У ОКНА
Закрываю книгу. Вечер крадется, тускнеет свет, читать трудно.
В сердце звучат грустной жалобой последние прочитанные слова:
«Дни мои бегут скорее челнока и кончаются без надежды…»[1]
Из темной глуби веков доносится этот тоскующий мотив, такой знакомый, так близко понятный родственной горечью своей. Не оттого ли глаза вдруг застлались туманом? — слились и странно закачались строчки?..
За переплетом решеток, в небольшом квадрате окна — кусочек бледнеющей лазури, — тихий, кроткий свет предзакатный глядит в камеру. На сводчатом потолке, на мутной зелени замызганных стен — золотисто-алые блики и робкие тени оконной рамы.
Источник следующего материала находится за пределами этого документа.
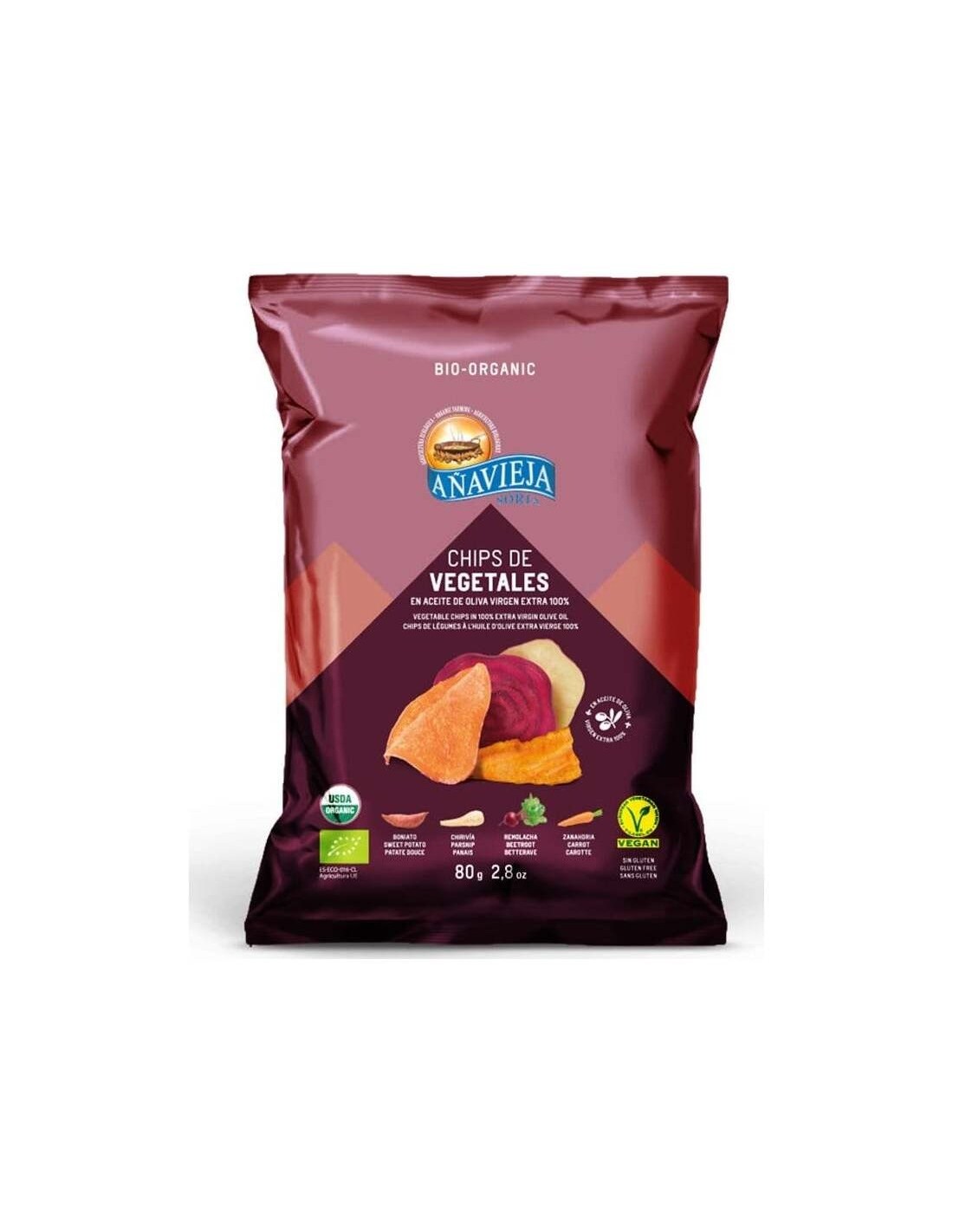 Chips de vegetales con aceite de oliva virgen extra 100% orgánico. Contribuyen a reducir el apetito entre las comidas, favoreciendo el aumento de la energía corporal. Además, son fuentes naturales de vitaminas y minerales que ayudan a contrarrestar la sensación de fatiga y/o cansancio. Contienen boniato, chirivía, remolacha y zanahoria procedentes de la agricultura ecológica. Cuentan con una textura crujiente y un sabor natural para consumir como snack salado. Sin azúcares ni conservantes. Aptas para veganos.
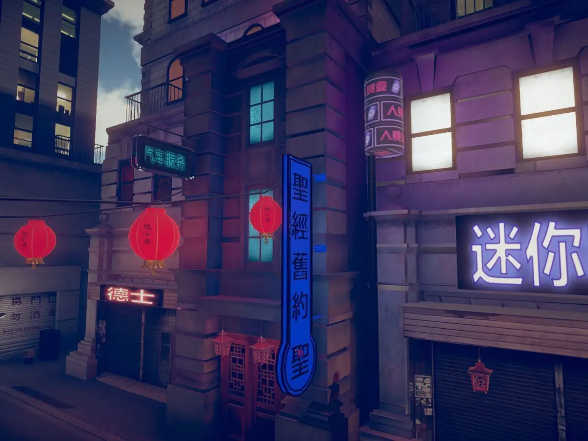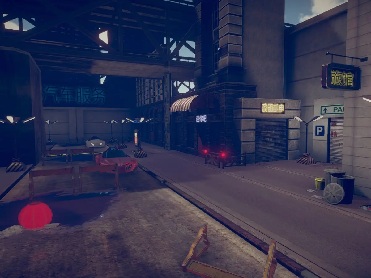 The pack includes models like street props, buildings, sci-fi cars, roads, barriers, street lamps, lampions, road props, doors, neon signs, bins and others. 36 sci-fi car models, 10 building models (only exterior)

Где-то там, на воле, закатывается солнце, звенит резвый детский смех, деловито ворчит город, гремят конки, свистят пароходы, веселая идет суета, жизнь блещет всеми красками, звучит всеми звуками. А тут?..
«Дни мои бегут скорее челнока и кончаются без надежды…»
Сжимается сердце. Воспоминания наплывают, тихо проходят перед глазами необозримым караваном, встает знакомая вечерняя печаль, слезы закипают в сердце… И уходит вдаль широкий, пестрый поток городских звуков, меркнет, замирает. Тускнеет алое золото на сводчатом потолке, качаются холодные, обмызганные стены…
Бом-м-м!..
Медный, певучий удар бухнул с высоты, из кроткой, водянистой лазури. Залетел в камеру… И долго трепетал и тихо жаловался воздух, разбуженный им.
И еще раз… гулко всколыхнулась медная волна и покатилась вдаль, качаясь и замирая. Вот чуть уже слышна она в бесконечной цепи пестрого, сухого треска. Может быть, уже угасла, но еще чудится в взволнованной памяти слуха.
Завтра праздник. Ставлю табуретку к стене, подымаюсь к окну, — люблю послушать торжественный переговор колоколов, спокойно-звонкую их речь над грубым грохотом суетной жизни.
Сейчас будет третий удар, польется и там, и там благовестный призыв к жертве вечерней. Вот: бом… бом… бом…
Толстый, седой надзиратель Хопрячков, заведующий слесарной мастерской, снял фуражку, помотал перед своей бородой широкой горстью — перекрестился несколько раз и красным платком вытер вспотевший лоб. Потом угрожающе закричал на арестантов, бросивших работу.
— Сбирай струмент! Струменту не оставляй, гляди у меня!..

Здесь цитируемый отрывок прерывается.